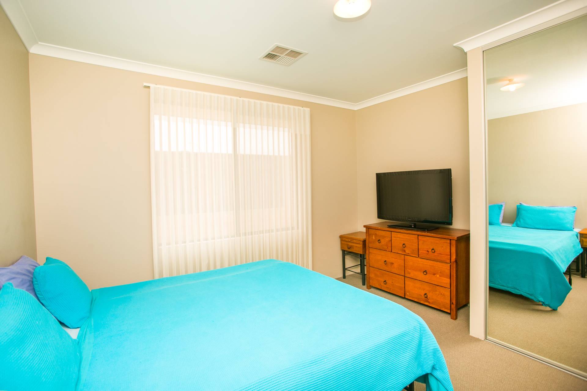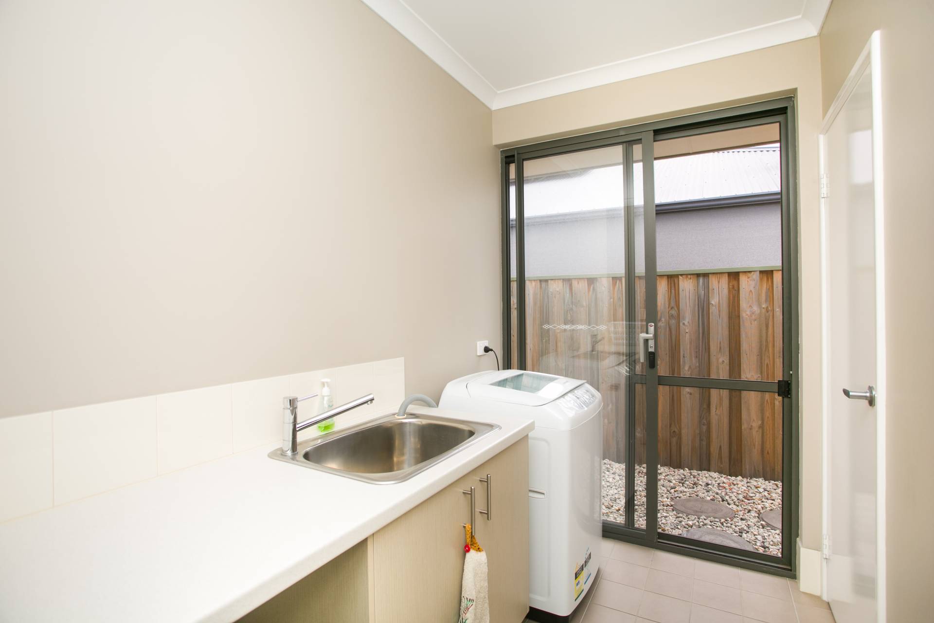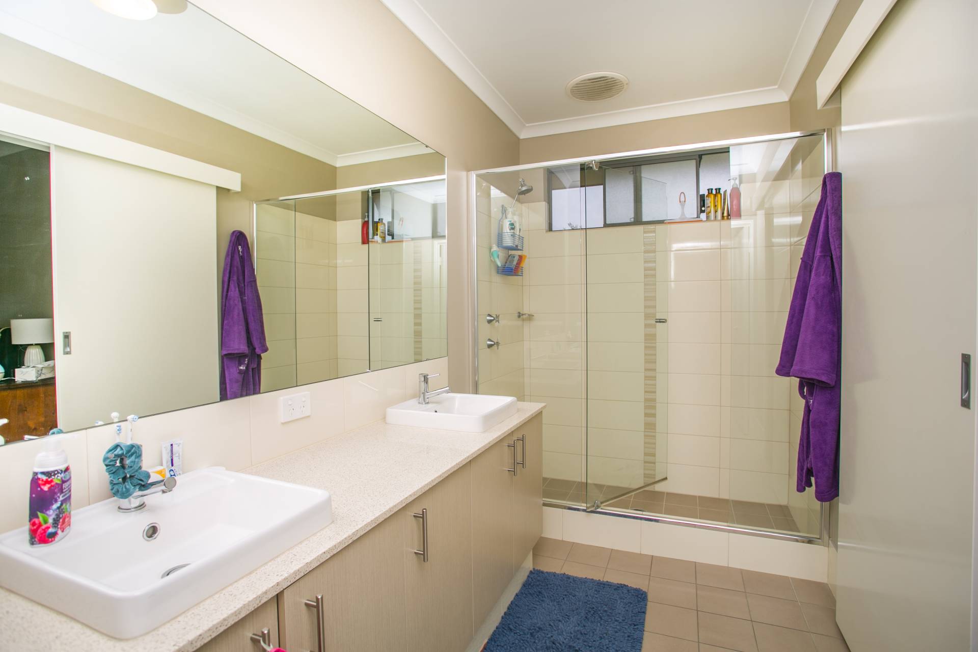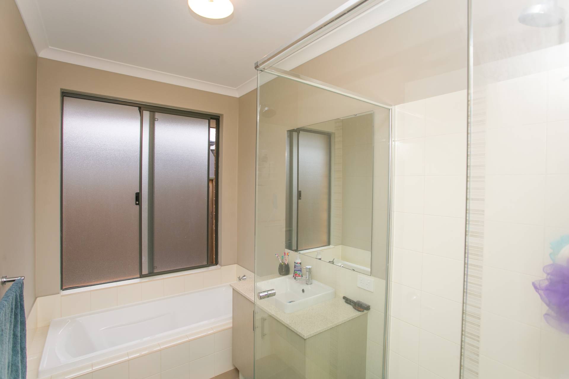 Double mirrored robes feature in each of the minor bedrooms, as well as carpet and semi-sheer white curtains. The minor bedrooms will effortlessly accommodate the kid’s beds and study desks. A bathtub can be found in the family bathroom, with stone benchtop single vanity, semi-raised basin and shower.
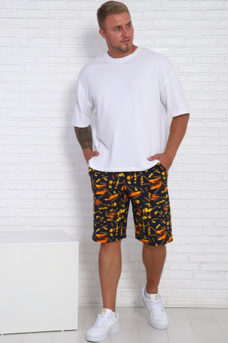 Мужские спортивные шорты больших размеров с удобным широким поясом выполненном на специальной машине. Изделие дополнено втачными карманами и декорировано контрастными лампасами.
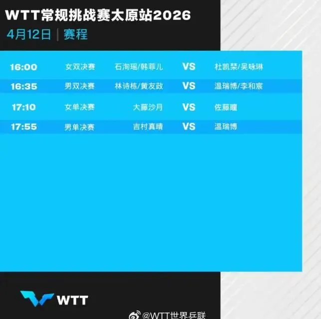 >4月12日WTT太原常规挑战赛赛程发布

[Problem details]
Exactly as written, give again every line from the one containing "Мужские спортивные шорты" through the last line of the material, both included, with the pictures left out.

[Output for this exercise]
 Мужские спортивные шорты больших размеров с удобным широким поясом выполненном на специальной машине. Изделие дополнено втачными карманами и декорировано контрастными лампасами.
 >4月12日WTT太原常规挑战赛赛程发布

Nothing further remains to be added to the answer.